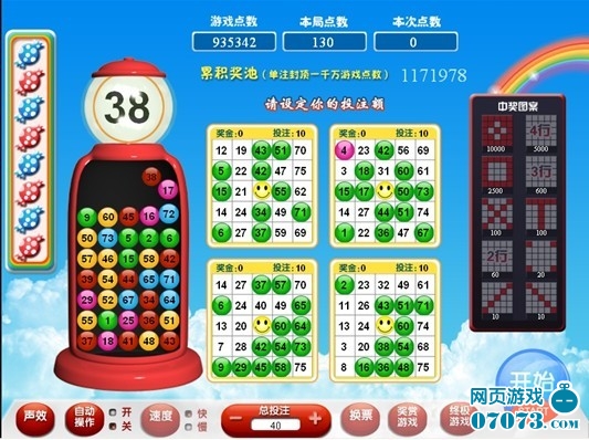 常規(guī)游戲:“常規(guī)游戲”是玩家設定好投入點數(shù),點擊開始鍵,系統(tǒng)會隨機搖出37個(快樂賓果)或44個(甜蜜賓果)號碼,當票面上的號碼與開獎號碼一致時,該單元格將被標注,當標注的單元格呈賓果特定中獎圖案時,即中得對應游戲點數(shù)。(下圖為甜蜜賓果常規(guī)游戲)
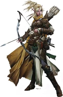 When Ro approaches Shalelu to seek motivational clarity, the elf stares at her unnervingly. But Ro is not one to be dissuaded. Shalelu returns to the work she had been doing before Ro's interruption, carrying on in short, stilted phrases while she whittles an arrow shaft and checks its straightness.
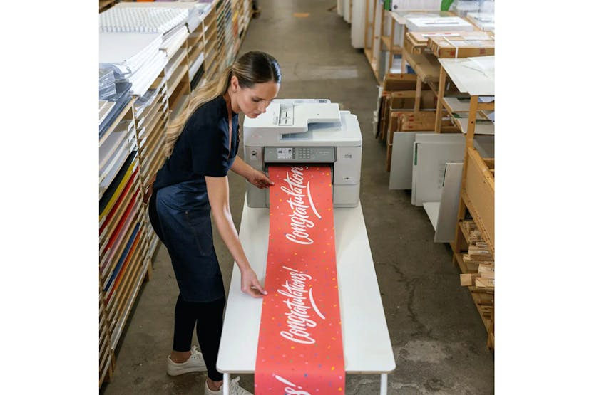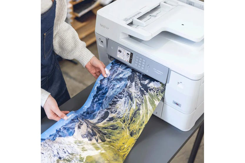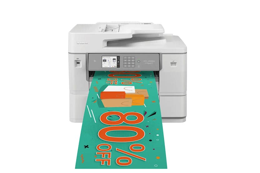 Description Compact and multifunctional, large format printer. Designed for businesses needing a flexible printer that can print, copy, scan and fax with the added benefit of printing on long format roll paper. The mfc-j6959dw provides premium quality a3 and a4 printing and scanning with the ability to print on roll paper. Easily print banners, posters, panoramic photos and promotional signage, then cut to the required length with the automatic cutter. General Display size:8.8cm Max paper size:A3 Connectivity Wired network, wireless Local interface: hi-speed usb 2.0, usb 2.0 host (front) Wired network interface: 10base-t/100base-tx Wirelesss network interface: 2.4ghz ieee 802.11 b/g/n & 5ghz ieee 802.11a/n Operating systems: ChromeOS Linux: cups and lpd/lpr (x86, x64) Macintosh: mac os x 10.15.X or higher Windows: server 2008, server 2008r2, server 2012, server 2012r2, server 2016, server 2019, windows 7, windows 8, windows 10, windows 11 Software supplied - mac: brother iprint&scan Software supplied - windows: brother iprint&scan, bradmin professional, mass deployment tool, status monitor Printing A4 2-sided print speed: 21 A4 standard print speed: 30ipm Emulations: pcl6, br-script3, pdf version 1.7, xps version 1.0 First print out time: 4.6 seconds Recommended monthly volume: 3500 pages Security Features Active directory ldap authentication Automatic intrusion detection Digitally-signed firmware Ip filter Nfc Port based network access control Restrict network protocols Secure function lock v3 Secure print Secure printing with ssl Setting lock Solutions Bsi Supported:brother web connect, brother apps What's in the Box: Power supply cord Product Features: Fast wired ethernet connectivity 2.4/5ghz wireless with wi-fi direct and wi-fi protected setup (wps) Business security features as standard Next generation advanced printhead technology Built to last with robust and durable design Fast automatic 2-sided scan a4 up to 36ipm mono and colour Optional high yield inks printing up to 6000 pages black and 5000 pages colour Up to 30ipm print speed (based on iso/iec 24734) Automatic 2-sided a3 print, scan, copy and fax Roll paper or 500 a4 sheet lower tray Automatically cut roll paper to any length Borderless printing

= = =

How to complete this task ::
Would you copy all the material exactly, dropping the pictures?

Output for this task ::
 常規(guī)游戲:“常規(guī)游戲”是玩家設定好投入點數(shù),點擊開始鍵,系統(tǒng)會隨機搖出37個(快樂賓果)或44個(甜蜜賓果)號碼,當票面上的號碼與開獎號碼一致時,該單元格將被標注,當標注的單元格呈賓果特定中獎圖案時,即中得對應游戲點數(shù)。(下圖為甜蜜賓果常規(guī)游戲)
 When Ro approaches Shalelu to seek motivational clarity, the elf stares at her unnervingly. But Ro is not one to be dissuaded. Shalelu returns to the work she had been doing before Ro's interruption, carrying on in short, stilted phrases while she whittles an arrow shaft and checks its straightness.
 Description Compact and multifunctional, large format printer. Designed for businesses needing a flexible printer that can print, copy, scan and fax with the added benefit of printing on long format roll paper. The mfc-j6959dw provides premium quality a3 and a4 printing and scanning with the ability to print on roll paper. Easily print banners, posters, panoramic photos and promotional signage, then cut to the required length with the automatic cutter. General Display size:8.8cm Max paper size:A3 Connectivity Wired network, wireless Local interface: hi-speed usb 2.0, usb 2.0 host (front) Wired network interface: 10base-t/100base-tx Wirelesss network interface: 2.4ghz ieee 802.11 b/g/n & 5ghz ieee 802.11a/n Operating systems: ChromeOS Linux: cups and lpd/lpr (x86, x64) Macintosh: mac os x 10.15.X or higher Windows: server 2008, server 2008r2, server 2012, server 2012r2, server 2016, server 2019, windows 7, windows 8, windows 10, windows 11 Software supplied - mac: brother iprint&scan Software supplied - windows: brother iprint&scan, bradmin professional, mass deployment tool, status monitor Printing A4 2-sided print speed: 21 A4 standard print speed: 30ipm Emulations: pcl6, br-script3, pdf version 1.7, xps version 1.0 First print out time: 4.6 seconds Recommended monthly volume: 3500 pages Security Features Active directory ldap authentication Automatic intrusion detection Digitally-signed firmware Ip filter Nfc Port based network access control Restrict network protocols Secure function lock v3 Secure print Secure printing with ssl Setting lock Solutions Bsi Supported:brother web connect, brother apps What's in the Box: Power supply cord Product Features: Fast wired ethernet connectivity 2.4/5ghz wireless with wi-fi direct and wi-fi protected setup (wps) Business security features as standard Next generation advanced printhead technology Built to last with robust and durable design Fast automatic 2-sided scan a4 up to 36ipm mono and colour Optional high yield inks printing up to 6000 pages black and 5000 pages colour Up to 30ipm print speed (based on iso/iec 24734) Automatic 2-sided a3 print, scan, copy and fax Roll paper or 500 a4 sheet lower tray Automatically cut roll paper to any length Borderless printing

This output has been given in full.